Using reinforcement learning to probe the role of feedback in skill acquisition
Antonio Terpin, Raffaello D'Andrea
TL;DR
The paper investigates how external flow feedback shapes the learning of open-loop skills in a chaotic fluid environment by interfacing a generalist reinforcement learning agent with a tabletop water channel around a spinning cylinder. It demonstrates that dense flow feedback enables rapid learning of high-performance drag-control policies, while the same system can struggle to learn drag-maximizing strategies without feedback, suggesting learning demands richer information than execution. The results reveal an asymmetry between drag-minimization and drag-maximization, likely due to non-minimum-phase dynamics in vortex shedding, and show that learned strategies can be executed in open-loop with little loss in performance, provided feedback is used primarily during training. The study also discusses the role of privileged information and observation-adaptive agents, proposing a framework where an agent selectively uses rich flow measurements to accelerate learning but relies on internal representations during deployment.
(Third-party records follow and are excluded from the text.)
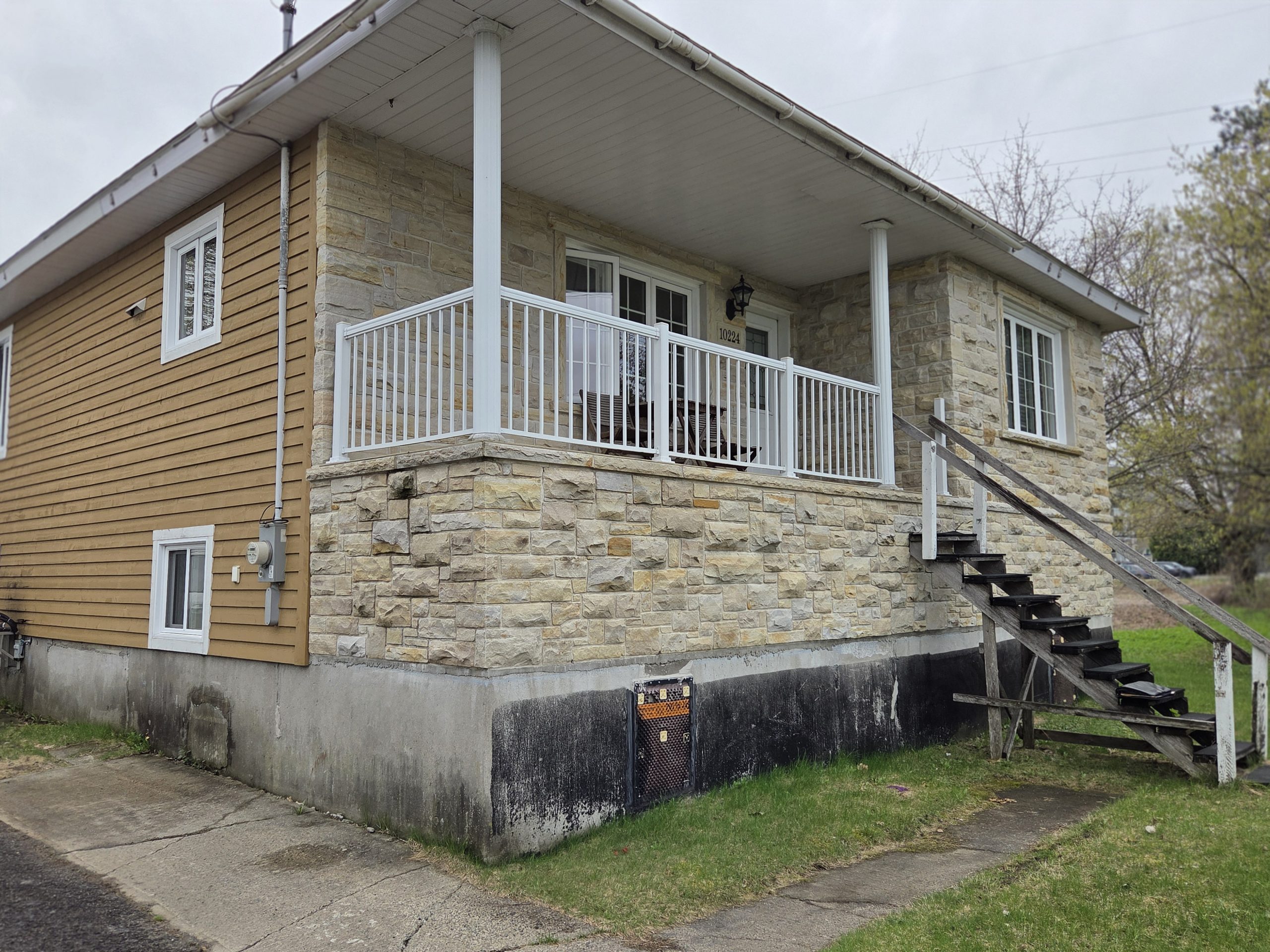 Revêtement extérieur retiré, la maison a été levée de 4 pieds et un mur nain a été posé en bois,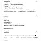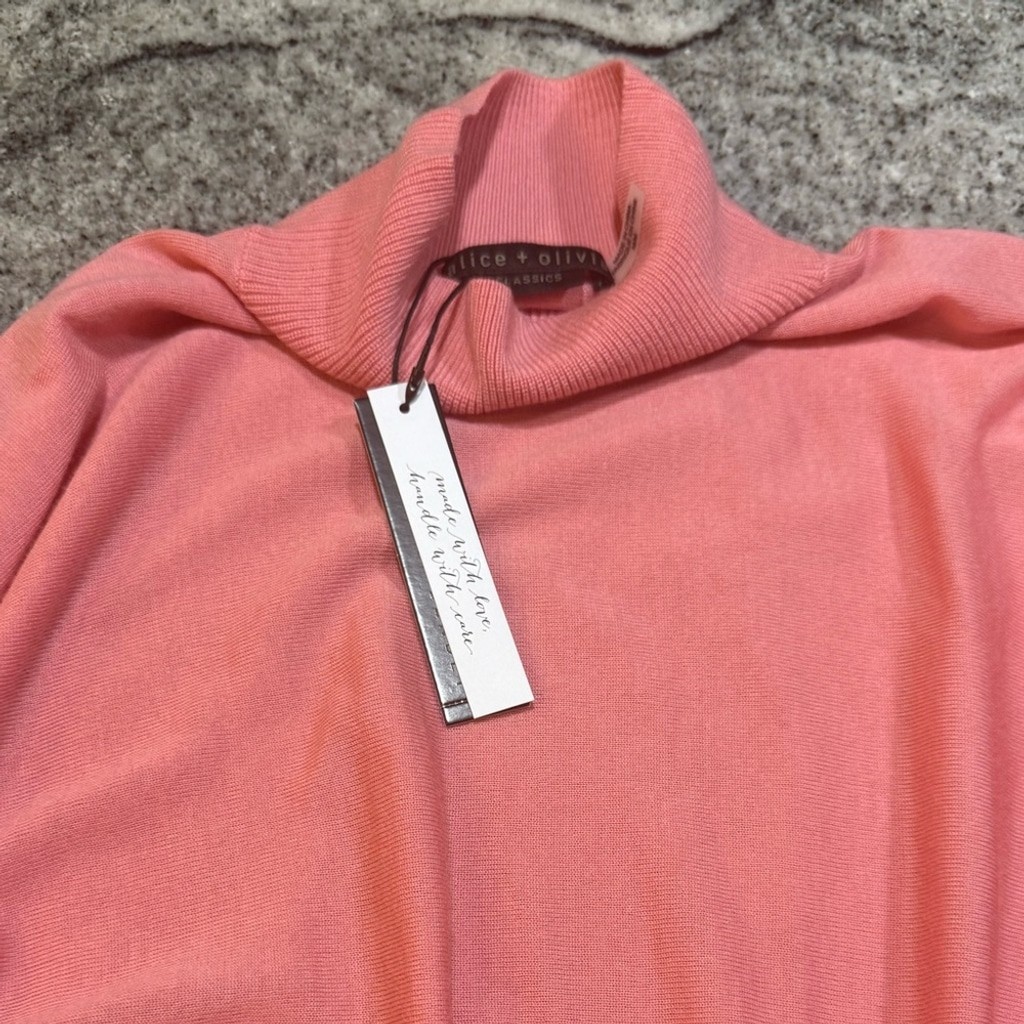 Elegant turtleneck sweater by Alice + Olivia. Soft pink hue. Perfect for layering. Thin wool sweater NWT Color is Rose Fabric is very stretchy Measurements Flat P2P 17-23” Waist 14-20”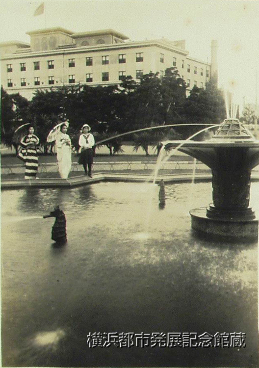 《解説》 背後の建物は昭和2年(1927)竣工のホテル・ニューグランド。

Overall, the work positions generalist RL as a scientific instrument to probe skill acquisition in complex physical environments and motivates architectures that adaptively manage feedback for learning and execution.
Abstract
Many high-performance human activities are executed with little or no external feedback: think of a figure skater landing a triple jump, a pitcher throwing a curveball for a strike, or a barista pouring latte art. To study the process of skill acquisition under fully controlled conditions, we bypass human subjects. Instead, we directly interface a generalist reinforcement learning agent with a spinning cylinder in a tabletop circulating water channel to maximize or minimize drag. This setup has several desirable properties. First, it is a physical system, with the rich interactions and complex dynamics that only the physical world has: the flow is highly chaotic and extremely difficult, if not impossible, to model or simulate accurately. Second, the objective -- drag minimization or maximization -- is easy to state and can be captured directly in the reward, yet good strategies are not obvious beforehand. Third, decades-old experimental studies provide recipes for simple, high-performance open-loop policies. Finally, the setup is inexpensive and far easier to reproduce than human studies. In our experiments we find that high-dimensional flow feedback lets the agent discover high-performance drag-control strategies with only minutes of real-world interaction. When we later replay the same action sequences without any feedback, we obtain almost identical performance. This shows that feedback, and in particular flow feedback, is not needed to execute the learned policy. Surprisingly, without flow feedback during training the agent fails to discover any well-performing policy in drag maximization, but still succeeds in drag minimization, albeit more slowly and less reliably. Our studies show that learning a high-performance skill can require richer information than executing it, and learning conditions can be kind or wicked depending solely on the goal, not on dynamics or policy complexity.